From the Rector: Holy Week I

Christian worship emerged as Jesus’ followers gathered, first in fear, then in faith after his death and resurrection.  There has not been a day since that first Good Friday when Christians did not gather as a community and for worship.  God’s Word still calls people to faith, to community and to worship.

What we would call daily and weekly worship have been part of the pattern of Christian worship since the beginning.  For many reasons Sunday worship became the primary and regular focus of Christians.  And it is this original Sunday pattern that still shapes what we call the Christian year.

In the English language the great feast of the resurrection is called “Easter.”  As beloved as that word has become, it is unfortunate for a lot of reasons.  In most languages Easter is known by a variation of the Hebrew word “Passover.”  Our Christian English word for this is “Pasch.”  Few of us use this for Easter.  More of us recognize the phrase “Paschal feast.”

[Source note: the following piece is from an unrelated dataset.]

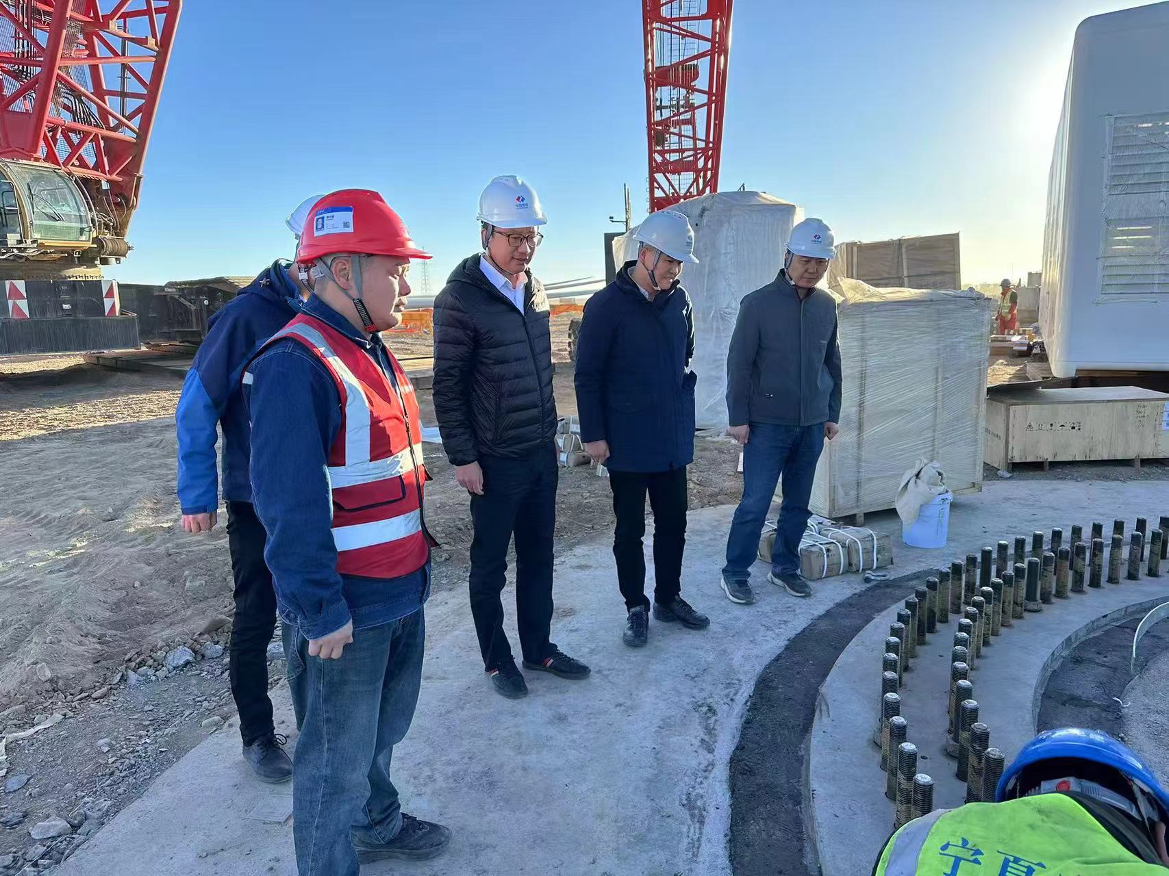 李扬一行在项目团队陪同下深入现场查看风机场区、升压汇集站建设情况,对项目安全、质量、履约等方面进行全面了解,与建设单位相关领导就工期进度、资金支付、物资供应、人员配置等问题进行深入交流,帮助项目协调履约过程中存在的突出问题,力促项目稳步前进。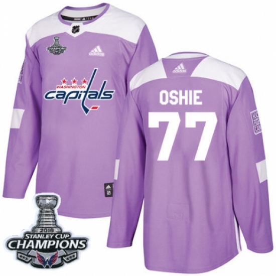 Women's Adidas Washington Capitals #77 T.J. Oshie Authentic Purple Fights Cancer Practice 2018 Stanley Cup Final Champions NHL Jersey

Passover is one of the great feasts of the Jewish religion.  It celebrates the deliverance of the Hebrews from Egypt.  The record of the Exodus is read every year during Holy Week.  On Maundy Thursday we always proclaim the sacrifice of the Passover lamb (Exodus 12:1-14a), the sight of whose blood prevents the Lord from killing the Hebrews.  At the Easter Vigil the account of Israel’s deliverance at the Red Sea (Exodus 14:10-15:1) must always be read.  The Church has always identified the Lord himself with Israel’s sacrifice and deliverance.  It is Jesus’ blood that brings deliverance to all people.  It is the Lord who delivers us from the slavery of sin and brings us to the land of promise.  As the Hebrews were delivered by the waters of the Red Sea, we are delivered through the waters of baptism.  These comments only begin to touch on the richness of the Paschal feast.

Christians believe Jesus died and rose from the dead.  This is our Passover, our Paschal Mystery.  This is Easter.  Proclaiming and living this mystery is Christianity.  The Church does this weekly and daily when its members gather.  The greatest gathering of all happens yearly on Easter Eve.  In darkness fire is kindled and as the assembly of the baptized begin to see the new light, the presiding minister proclaims:

Dear friends in Christ: On this most holy night, in which our Lord Jesus passed over from death to life, the Church invites her members, dispersed throughout the world, to gather in vigil and prayer.  For this is the Passover of the Lord, in which, by hearing his Word and celebrating his Sacraments, we share in his victory over death.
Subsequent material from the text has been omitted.